## Activity
Word for word, repeat the entries, minus the pictures.

Stored records
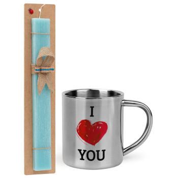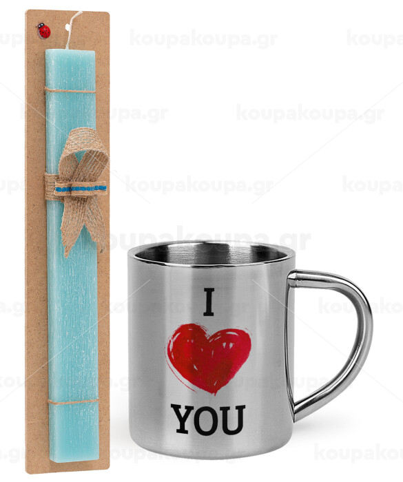 I Love You, Πασχαλινή Λαμπάδα με μεταλλική κούπα θερμό (300ml) & κερί αρωματικό πλακέ (30cm) (ΤΙΡΚΟΥΑΖ)
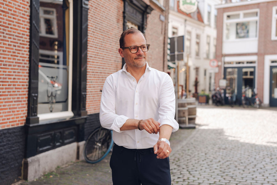 Wit overhemd met donkere knopen en bruine band in kraag van Michaelis in een fluweelzachte weving, luchtig en ademend. Geschikt voor zowel zakelijk als casual gebruik. Bevat donkere knopen. Het overhemd heeft een getailleerde pasvorm en bestaat voor 100% uit...
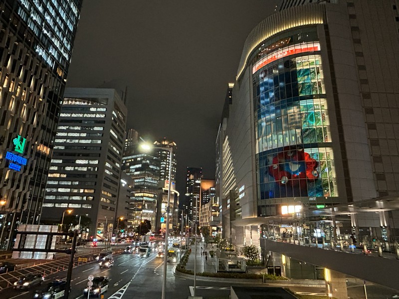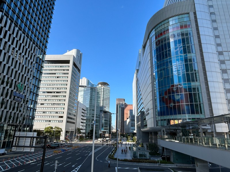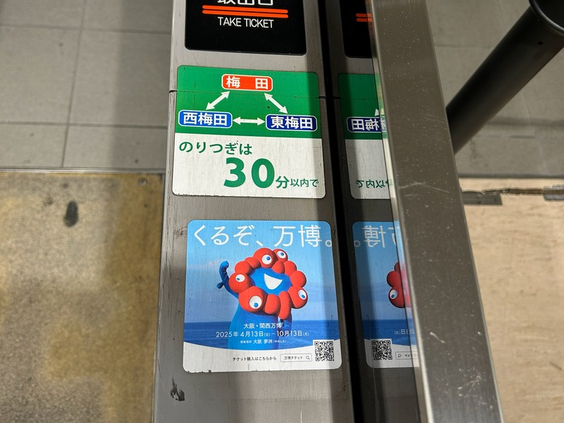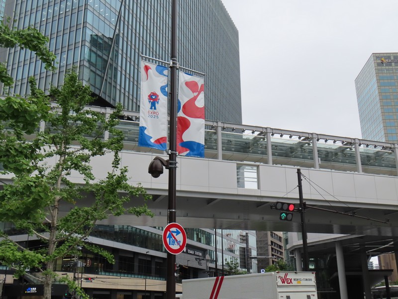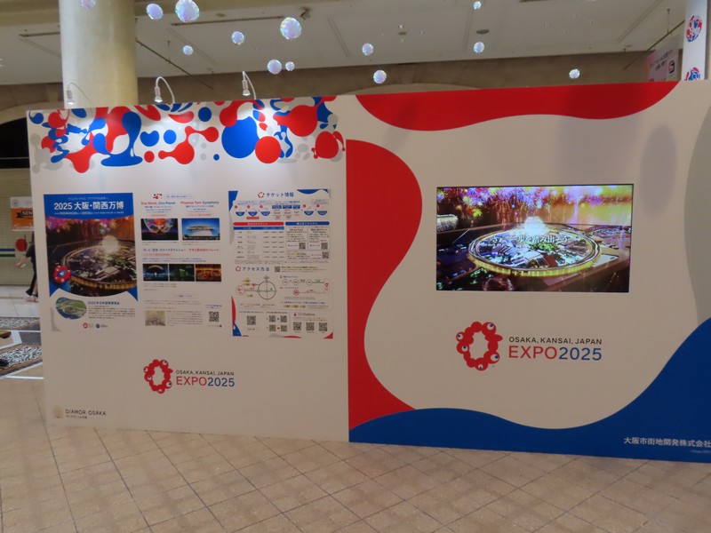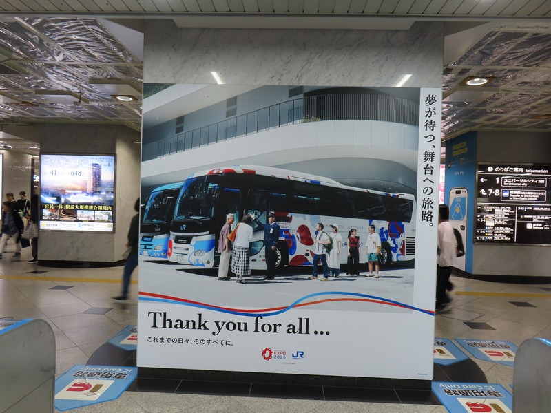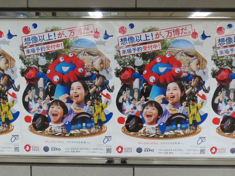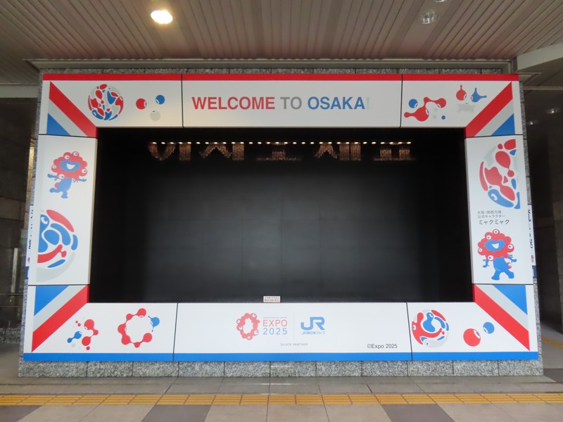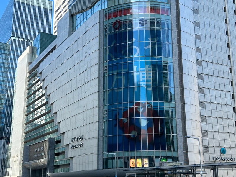 大阪駅の一部ともいえる、大丸梅田店。ここの外側、阪急阪神をつなぐ歩道橋から見ると「くるぞ万博」の力強い文字とミャクミャクの姿が。ちょっと光って見えづらくもあったが、開催前からずっとここにいたんだね。あまり通るルートではなかったこともあり、これを撮ったのは閉幕翌日。まだぎりぎり残っていてよかった。
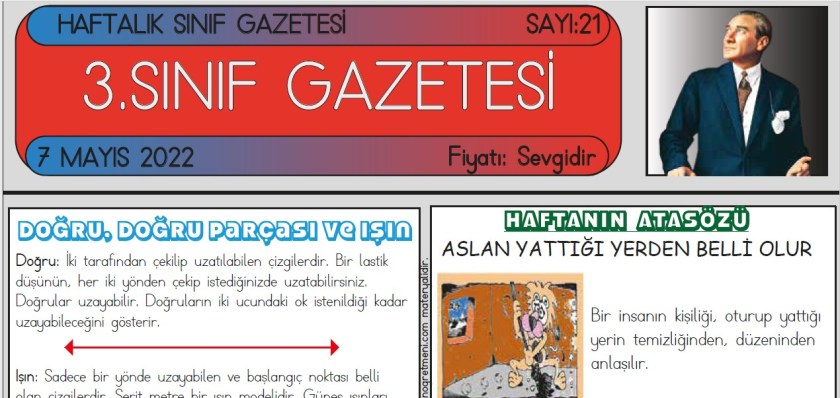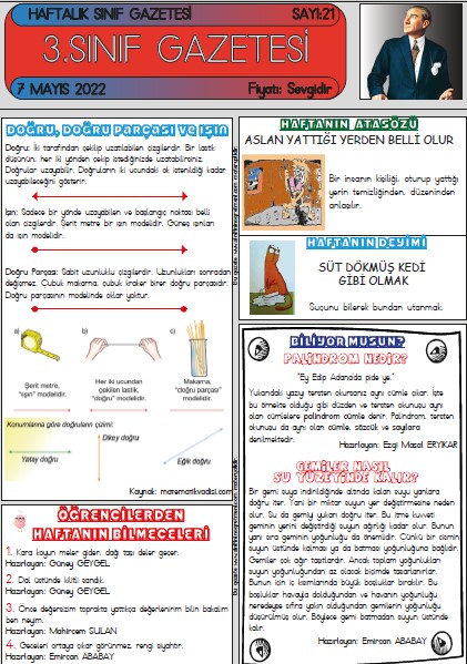 SINIF GAZETEMİZİN 21. SAYISI ÇIKTI Mayıs 7, 2022 sinifininogretmeni SINIF GAZETESİ Yorum bırakın SINIF GAZETESİ SAYI 21 SINIF GAZETEMİZ YAYIMLANDI 3. Sınıf gazetemiz yirmi birinci sayısı ile yayında. Gazetemiz 6 Kasım 2021 den itibaren her hafta düzenli olarak yayımlanmaktadır. ESKİ SAYILARIMIZ SAYI10 – SAYI 11 – SAYI 12 – SAYI 13 – SAYI14 – SAYI15 – SAYI16 – SAYI 17 – SAYI 18 -SAYI 19 SAYI 20 >>>>>> 21. SAYI TIKLA İNDİR <<<<<< Bunu paylaş: Facebook üzerinde paylaş (Yeni pencerede açılır) Facebook WhatsApp'ta paylaş (Yeni pencerede açılır) WhatsApp Telegram'da paylaş (Yeni pencerede açılır) Telegram X'te paylaşın (Yeni pencerede açılır) X Beğen Yükleniyor... İlgili
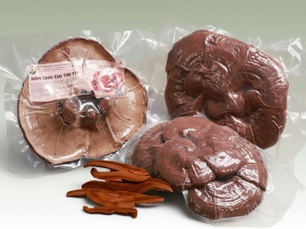 At Tà Đảnh Agricultural Cooperative, our Reishi mushrooms are lovingly cultivated in harmony with nature—benefiting from An Giang’s clean air, fertile soil, and ideal climate. The result is a large, robust mushroom cap with a distinct aroma, natural color, and potent bioactive compounds.
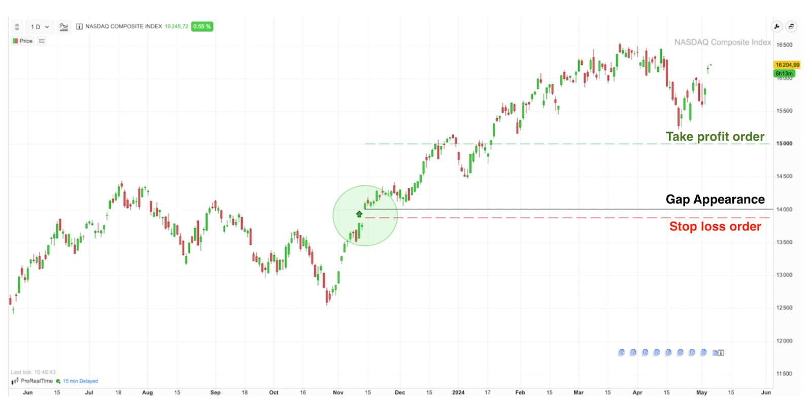 Ejemplo de una posición larga tras la aparición de una gap de continuación en el índice NASDAQ Composite analizado a través de la plataforma gratuita ProRealTime Web. El trader abre una posición cuando aparece el gap (línea negra), coloca su orden de stop de pérdidas por debajo del gap (línea de puntos roja) y una orden de retirada de beneficios por encima (línea de puntos verde).

## Solution below
 I Love You, Πασχαλινή Λαμπάδα με μεταλλική κούπα θερμό (300ml) & κερί αρωματικό πλακέ (30cm) (ΤΙΡΚΟΥΑΖ)
 Wit overhemd met donkere knopen en bruine band in kraag van Michaelis in een fluweelzachte weving, luchtig en ademend. Geschikt voor zowel zakelijk als casual gebruik. Bevat donkere knopen. Het overhemd heeft een getailleerde pasvorm en bestaat voor 100% uit...
 大阪駅の一部ともいえる、大丸梅田店。ここの外側、阪急阪神をつなぐ歩道橋から見ると「くるぞ万博」の力強い文字とミャクミャクの姿が。ちょっと光って見えづらくもあったが、開催前からずっとここにいたんだね。あまり通るルートではなかったこともあり、これを撮ったのは閉幕翌日。まだぎりぎり残っていてよかった。
 SINIF GAZETEMİZİN 21. SAYISI ÇIKTI Mayıs 7, 2022 sinifininogretmeni SINIF GAZETESİ Yorum bırakın SINIF GAZETESİ SAYI 21 SINIF GAZETEMİZ YAYIMLANDI 3. Sınıf gazetemiz yirmi birinci sayısı ile yayında. Gazetemiz 6 Kasım 2021 den itibaren her hafta düzenli olarak yayımlanmaktadır. ESKİ SAYILARIMIZ SAYI10 – SAYI 11 – SAYI 12 – SAYI 13 – SAYI14 – SAYI15 – SAYI16 – SAYI 17 – SAYI 18 -SAYI 19 SAYI 20 >>>>>> 21. SAYI TIKLA İNDİR <<<<<< Bunu paylaş: Facebook üzerinde paylaş (Yeni pencerede açılır) Facebook WhatsApp'ta paylaş (Yeni pencerede açılır) WhatsApp Telegram'da paylaş (Yeni pencerede açılır) Telegram X'te paylaşın (Yeni pencerede açılır) X Beğen Yükleniyor... İlgili
 At Tà Đảnh Agricultural Cooperative, our Reishi mushrooms are lovingly cultivated in harmony with nature—benefiting from An Giang’s clean air, fertile soil, and ideal climate. The result is a large, robust mushroom cap with a distinct aroma, natural color, and potent bioactive compounds.
 Ejemplo de una posición larga tras la aparición de una gap de continuación en el índice NASDAQ Composite analizado a través de la plataforma gratuita ProRealTime Web. El trader abre una posición cuando aparece el gap (línea negra), coloca su orden de stop de pérdidas por debajo del gap (línea de puntos roja) y una orden de retirada de beneficios por encima (línea de puntos verde).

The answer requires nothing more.